Politik - Kritik Untervertretung der Frauen in der öffentlich-politischen Sphäre. Kritik an den rechtlichen und gesellschaftlichen, wirtschaftlichen Normen, die einseitig auf die typisch männliche Biographie und männliche Identität ausgerichtet sind und Frauen benachteiligen. Entlarvung der Herrschaftsbeziehungen in der Politik und Wirtschaft.

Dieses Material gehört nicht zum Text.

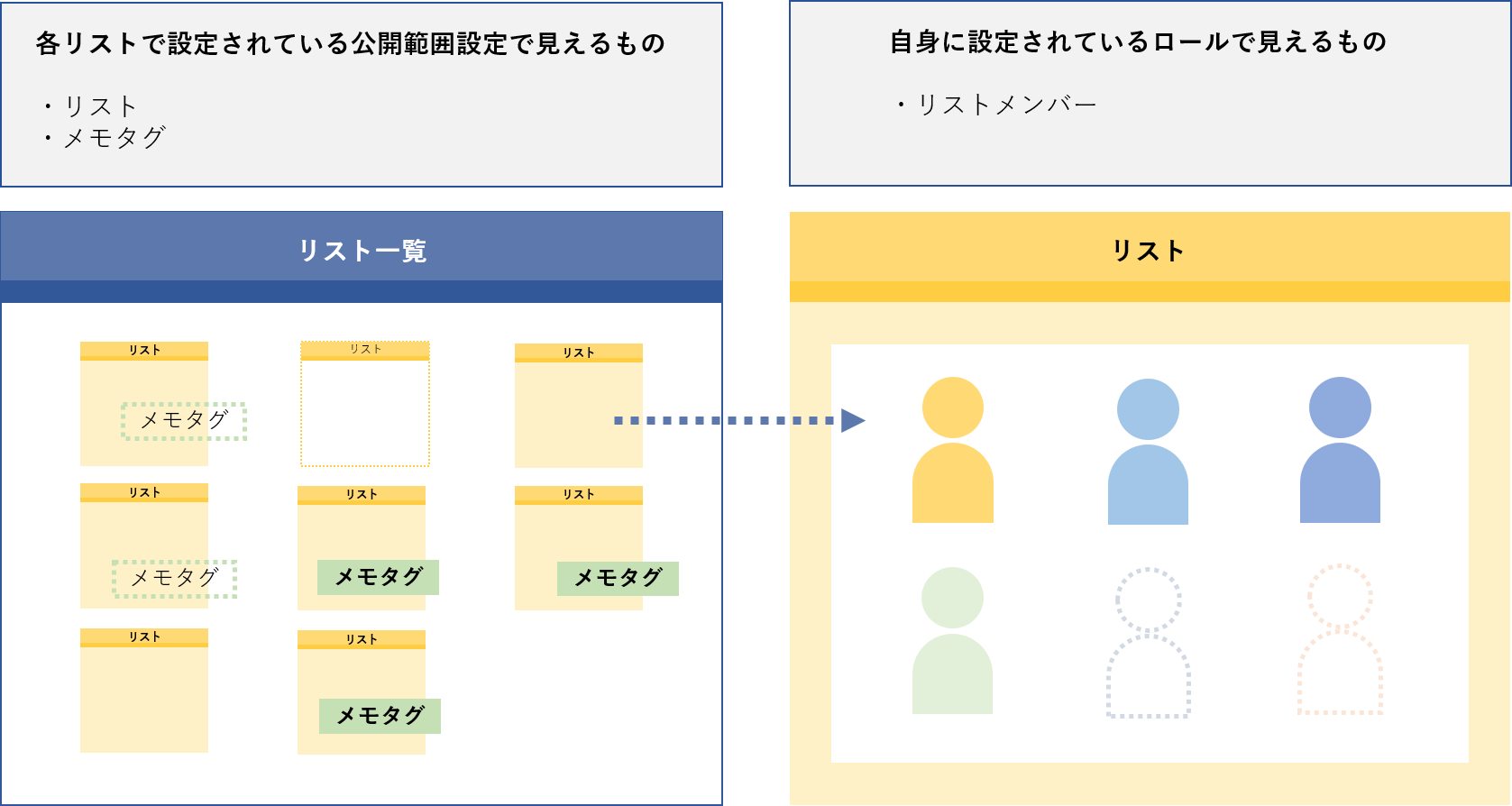 メモタグの公開範囲設定が「すべて」または「指定ロール:マネージャー」に設定されているリストで見える/編集できる。 -

Politik - Forderungen Machtumverteilung und Partizipation auf allen Ebenen für beide Geschlechter, Dezentralisierung, Basisdemokratie, vernetzte und ganzheitliche Wahrnehmung von Politik. Neudefinition des Rechts, der Arbeit, des Arbeits- und Zeitbegriffs. Inhaltliche Korrektur der heute gültigen Rechts-, Staats-, Wirtschafts- und Arbeitstheorien. Änderung des politischen Stils (Emotionalität versus Rationalität). Chancengleichheit der politischen Partizipation für beide Geschlechter und alle Klassen.

Kultur - Kritik Patriarchaler Kulturbegriff, der der weiblichen Kunst und der weiblichen Kreativität keinen Platz übrig lässt. Verdrängung der Frauen aus dem Kultur und Wissenschaftsbetrieb über Jahrhunderte hinweg. Sprache, welche keine adäquaten Ausdrucksmöglichkeiten für die spezifisch weiblich definierten Empfindungen und kulturellen Vorstellungen finden lassen und die Frauen in vielen Bereichen von vornherein ausschliesst: Männersprache, die von der sozialen Vorrangstellung des Mannes und von männlichen Verhaltens und Begriffsstereotypien geprägt sind (herrlich-dämlich). Die Nicht-Existenz der Frau im gesellschaftlichen und sprachlichen und kulturellen Bewusstsein.

Kultur - Forderungen Wiederentdeckung weiblicher Kreativität und Schaffenskraft, Aufbrechung der elitären Wissenschaft und abgehobenen Kunstbetrieb, feministische Sprachkritik. Chancengleichheit der Frauen für alle kreativen Leistungen und für Schlüsselpositionen auf sämtlichen Gebieten der Wissenschaft, der Kunst und der Erziehung und die Korrektur des einseitig männlichen Kulturbegriffs zu einer allgemein menschlichen Vorstellung von Kultur.